On the other hand, someone with a dominant social or sexual instinct may be living hand to mouth, but be blissfully happy doing so. What's instinctually foreign to them is learning to manage money prudently and take care of themselves financially.

As Jonathan Clements recently wrote in his HumbleDollar blog , "Why is change so difficult? Improving behavior is toughest when it means bucking our hardwired instincts. Intellectually, we may know we should exercise more, lose weight and save more—and yet our instincts keep telling us to stay on the couch, eat Cheez Doodles and shop online." That’s why more financial education or discipline isn’t enough to motivate most Americans toward finding financial wellness.

For those who don't have self-preservation as the dominant instinct, the enormity of learning to practice more self-preserving financial habits can feel depressing and hopeless. Yet it is certainly possible. It just isn’t going to be easy.

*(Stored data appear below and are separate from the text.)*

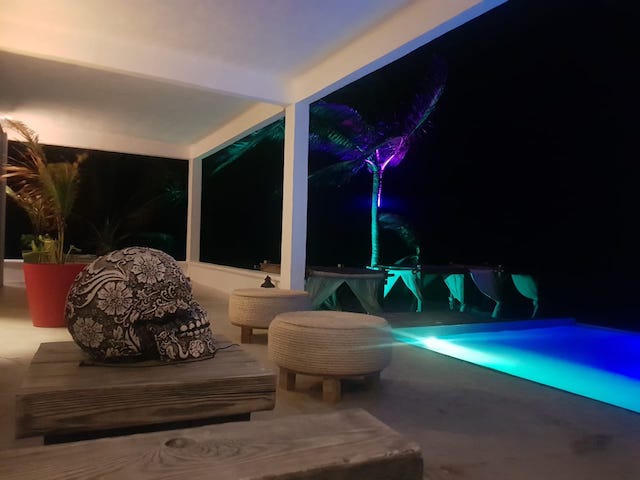Villa Isla Blanca is a beautiful 6 bedroom property with its own private sandy beach and easy access to the ocean for dipping your feet in, walking along the shore, or taking one of our Kayaks out. We are located about 30 mins from the center of Cancun; far from the busy city, but close enough to drive in for the day or to enjoy the night life. Away from the hustle and bustle, our space provides complete relaxation while you enjoy the peace and tranquility of beachfront living.
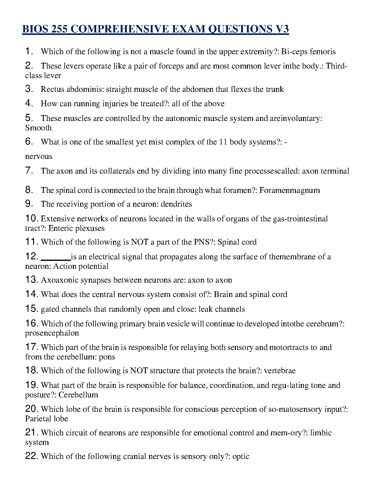 Ace your BIOS 255 Anatomy and Physiology final exam with our comprehensive test bank! This resource, tailored for students using Tortora and Derrickson's 'Principles of Anatomy and Physiology, 16th Edition,' features the complete 'Comprehensive Exam Questions V3' collection. Dive deep into verified questions and answers covering crucial topics such as the central and peripheral nervous systems, brain anatomy, muscle function, sensory pathways, and more. Updated for the 2025-2026 academic year, this study guide is meticulously designed to help you master the material, excel in your exams, and pass on your first attempt. Avoid resits and build a strong foundation in A&P with this essential tool.
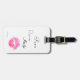 A fenda da bagagem tem um beijo feito com batom rosa brilhante e tem nomes de viagem para Paris, Itália e Roma. Perfeito para viagem de diversão em qualquer lugar.
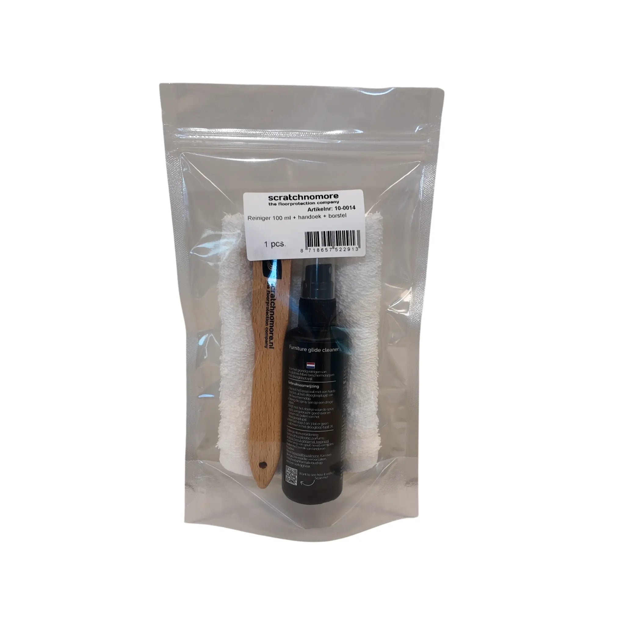 Houd je beschermdoppen schoon en in goede staat met deze handige reinigingsset. Bestaande uit een reinigingsmiddel, een zachte doek en een borstel. Het reinigingsmiddel is speciaal ontwikkeld voor het drooglooptapijt onder onze beschermdoppen en verwijdert gemakkelijk vuil en stof. Zo verleng je de levensduur van je beschermvoetjes en gaan je Scratch no More beschermdoppen nog langer mee.

One approach that may be helpful is to get assistance and support from others. Clements says he has come to believe the best thing to do is tell friends about your financial goals like saving money for a down payment on a home, paying off a debt, or increasing your retirement plan contributions. This can help motivate you to commit to following through.

Announcing an intention to friends with the hope that the shame of not following through will motivate you to create a new behavior may work for a few. Yet for most, it probably won't help to change a hard-wired instinct. A better idea could be finding and reporting regularly to an accountability partner who would kindly, without scolding or shaming, help motivate you to establish a habit. Even better may be engaging a financial therapist to help you with the hard work of cultivating new instinctual behaviors.